Let $G=(\mathbb{R},+)$ and $S^\prime=\{z \in \mathbb{C} \space| \space|z|=1\}$. Define $\phi : G\longrightarrow S^\prime$ by $\phi(x)=e^{2\pi ix}$
(a) Prove that $\phi$ is surjective homomorphism.
$\phi$ is well define,
$x=y$ ; $x,y \in \mathbb{R}$ $\implies \phi(x)=e^{2\pi ix}= e^{2\pi iy}=\phi(y) $
$\phi$ is homomorphism,
$\phi(x+y)= e^{2\pi i(x+y)}= e^{2\pi ix}\times e^{2\pi iy} =\phi(x)\phi(y)$
$\phi$ is surjective,
Let any $z \in S^{\prime}$ then $|z|=1$ and there exist $x \in \mathbb{R}$ s.t $z= \cos(2\pi x)+i\sin(2\pi x)$
This follows $z=\phi(x)$
$\therefore$ $\phi$ is surjective homomorphism.
Here what I tried, Surjective part is not sure. Can anyone verify my answer?
You claimed that there is some $x$ such that $\phi(x)=z$, but you did not prove it.
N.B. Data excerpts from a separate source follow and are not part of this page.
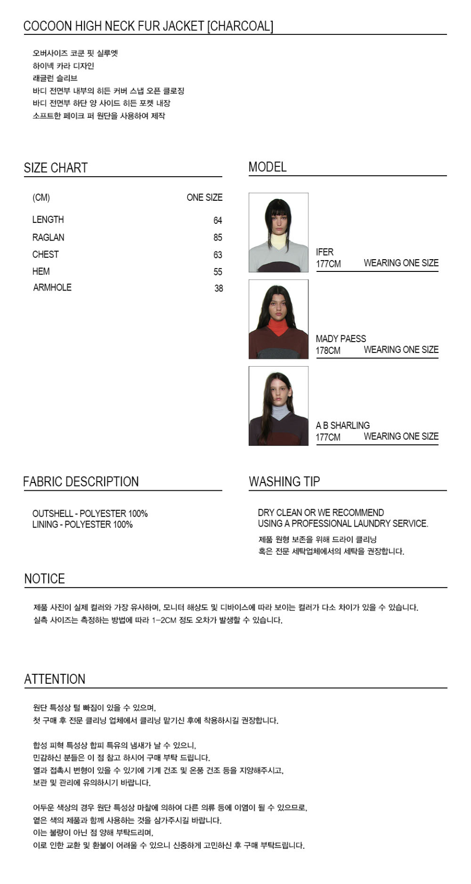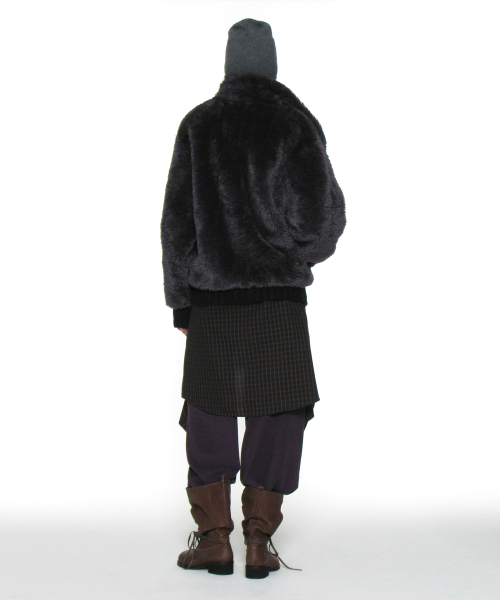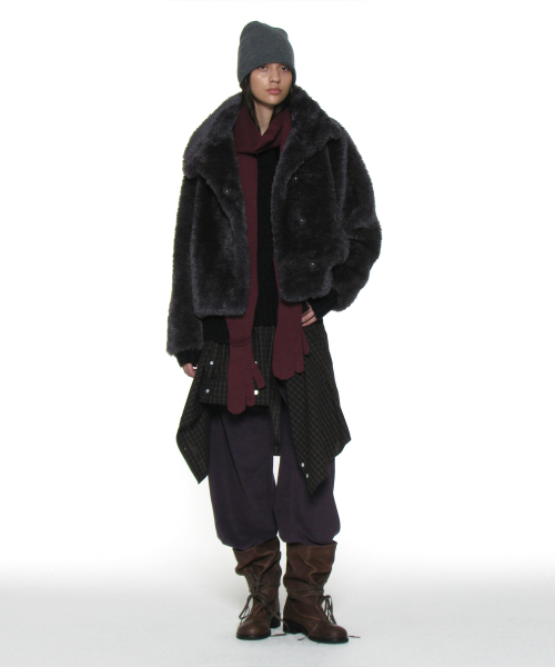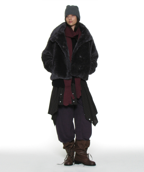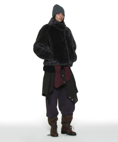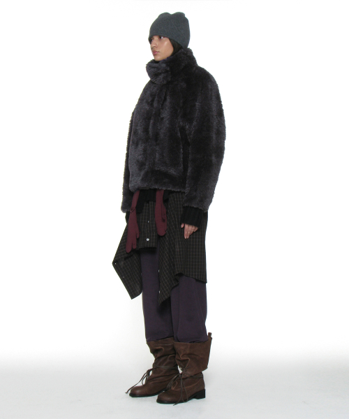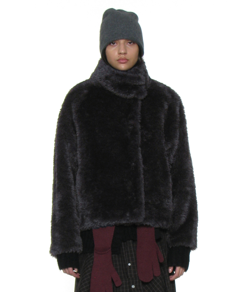 코쿤 하이넥 퍼 자켓_차콜
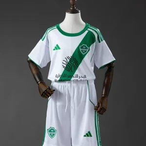 The Al Ahli Kids 25/26 Away jersey delivers a clean white look with classic green detailing, combining the club’s heritage with a modern youth fit. The design is inspired by the 1978–79 home kit, featuring a single palm-leaf graphic across the chest and the new Al Ahli FC crest for an authentic finish. Made for comfort and everyday wear, this kids jersey uses soft recycled polyester with AEROREADY moisture-managing fabric to help keep young fans cool and dry.
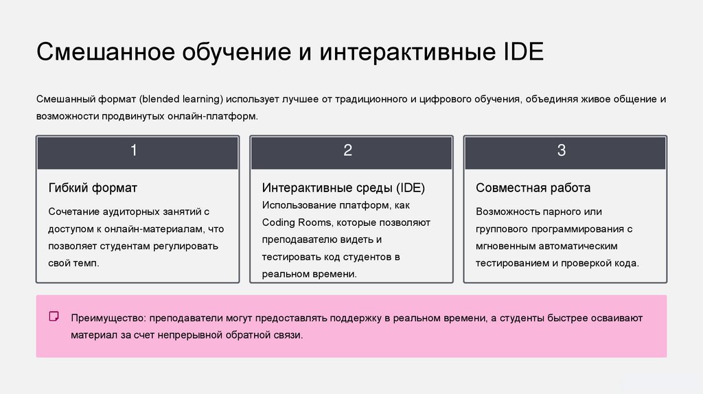 Преимущество: преподаватели могут предоставлять поддержку в реальном времени, а студенты быстрее осваивают

Since $|z|=1$, if you write $z$ as $a+bi$, with $a,b\in\Bbb R$, then $a^2+b^2=1$. So, $b\in[-1,1]$. Let $\alpha=\frac{\arccos(a)}{2\pi}$. With this choice of $\alpha$, $\cos(2\pi\alpha)=a$. And\begin{align}b^2&=1-a^2\\&=1-\cos^2(2\pi\alpha)\\&=\sin^2(2\pi\alpha),\end{align}and therefore $\sin(2\pi\alpha)=\pm b$. If $\sin(2\pi\alpha)=b$, take $x=\alpha$; otherwise, take $x=-\alpha$.